TURKEY STUFFED PEPPERS


16oz. ground turkey (lean white turkey)
5 large bell peppers
1 pkge. mixed frozen vegetables (chopped, uncooked)
1 egg (or two egg whites)
4-5 New You Breadsticks (crumbled)
1 tomato chopped or 1 tsp. tomato paste


Season to taste (Pepper, garlic powder, oregano). Mix together and divide equally into portions. Stuff peppers and cook in tomato puree or crushed tomatoes until tender about 1-1/2 hours over medium heat. Serves 5 dinner portions.


SAVORY BAKED CHICKEN (or FISH FILETS)

1-1/2 cups celery, chopped
4 chicken cutlets or fish filets (1-1/2 pounds)
1/4 teaspoon leaf rosemary, crumbled
1/4 teaspoon pepper
1/2 teaspoon paprika
1 meium size tomato, sliced
1/2 cup chopped scallions, including greens
1/4 cup white wine or wine vinegar


Sprinkle celery in shallow baking pan. Arrange chicken cutlets, (or fish filets), over celery, slightly overlapping. Sprinkle with rosemary, pepper, and paprika. Top with tomato and scallions. Add wine or vinegar. Bake in preheated oven at 350 degrees for 25 minutes. Makes 4 dinners.


CHEESE-STUFFED MUSHROOMS



2 dozen large fresh mushrooms
1/2 cup sliced onion
1 tablespoon olive oil
4 tablespoons low-fat cottage cheese
2 tablespoons "NEW YOU" breadcrumbs
herbs to taste

Wash and dry the mushrooms. Reserve the caps; remove the stems and chop fine. Saute the stems and onions in the oil, then combine with the cheese, bread crumbs, and herbs. Stuff into the caps, and bake in a 425 degree oven for 10-12 minutes. Each mushroom is only 15 caloiries!

NEW YOU STRATEGIES

***Have breakfast every day. (Breakfast eaters are thinner than those who eat later in the day.)

***Never eat on the go.

***Save some of your dinner---the salad or dessert---to eat after dinner.

***Take smaller servings. Cut the piece of cake in half.

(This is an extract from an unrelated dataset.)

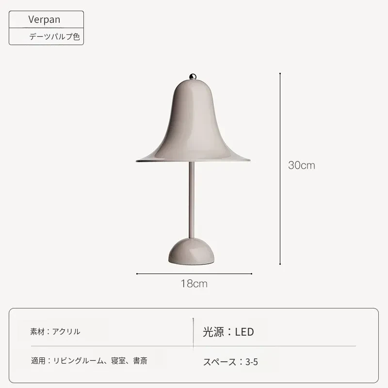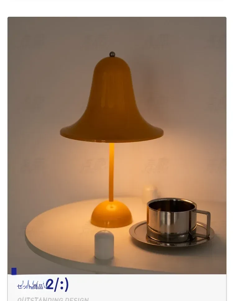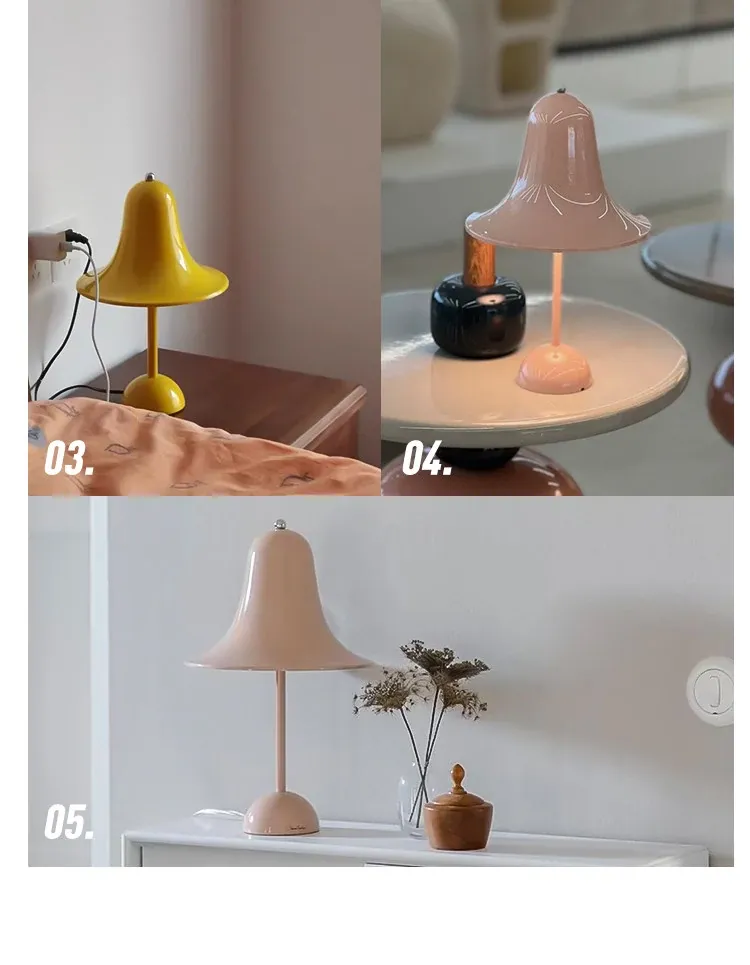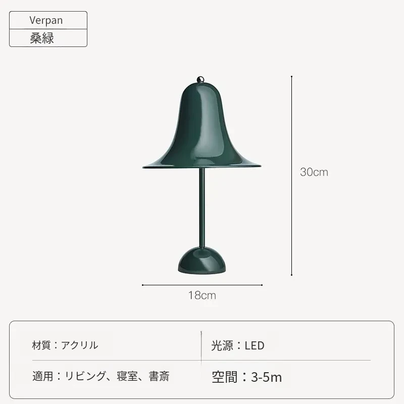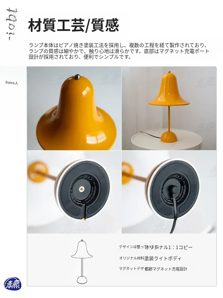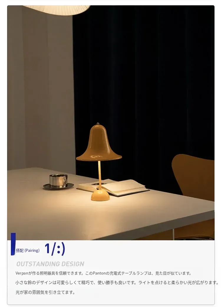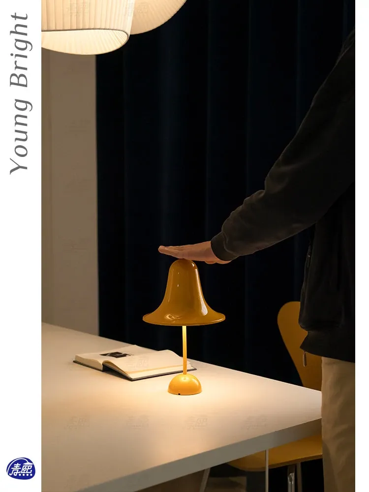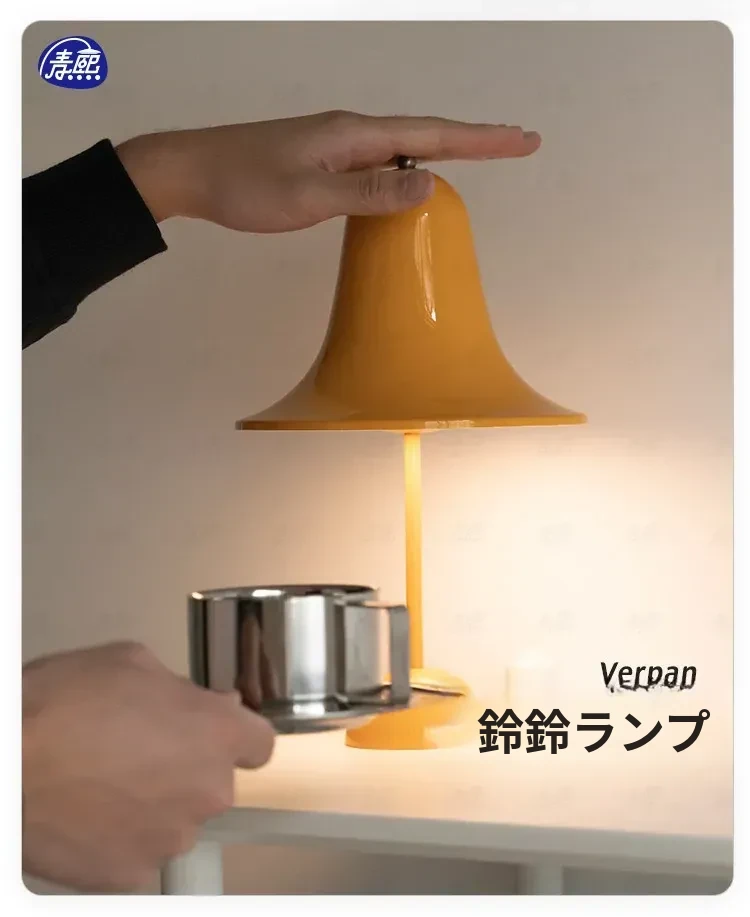 デンマーク・パンソンカラーのベル型テーブルランプ|北欧スタイルの心地よい雰囲気を演出|ワイヤレス・ポータブル・タッチ充電式|寝室やベッドサイドに最適!

***Don't put serving dishes on the table. You'll have to get up for seconds, so you will think twice about it.

*** Don't choose frozen dinners with added fat, salt , sauces and trimmings. Instead select simple frozen entrees and team these with fresh salad and a fruit.


"NEW YOU" COOKING TIPS

***Cut away all the visible fat from meat and poultry and remove the skin.

***Always broil, grill, bake or steam rather than fry food.

***Don't bread foods or cook them in batter.

Refrigerate soups, stews and sauces overnight before using; skim off fat and discard.

***Use no-stick pans or a vegetable-oil spray rather than butter for cooking.

***Use skim milk in place of whole milk in recipes and cut the sugar in half, (or use unsweetened applesauce instead). ***Use plain no-fat yogurt instead of sour cream.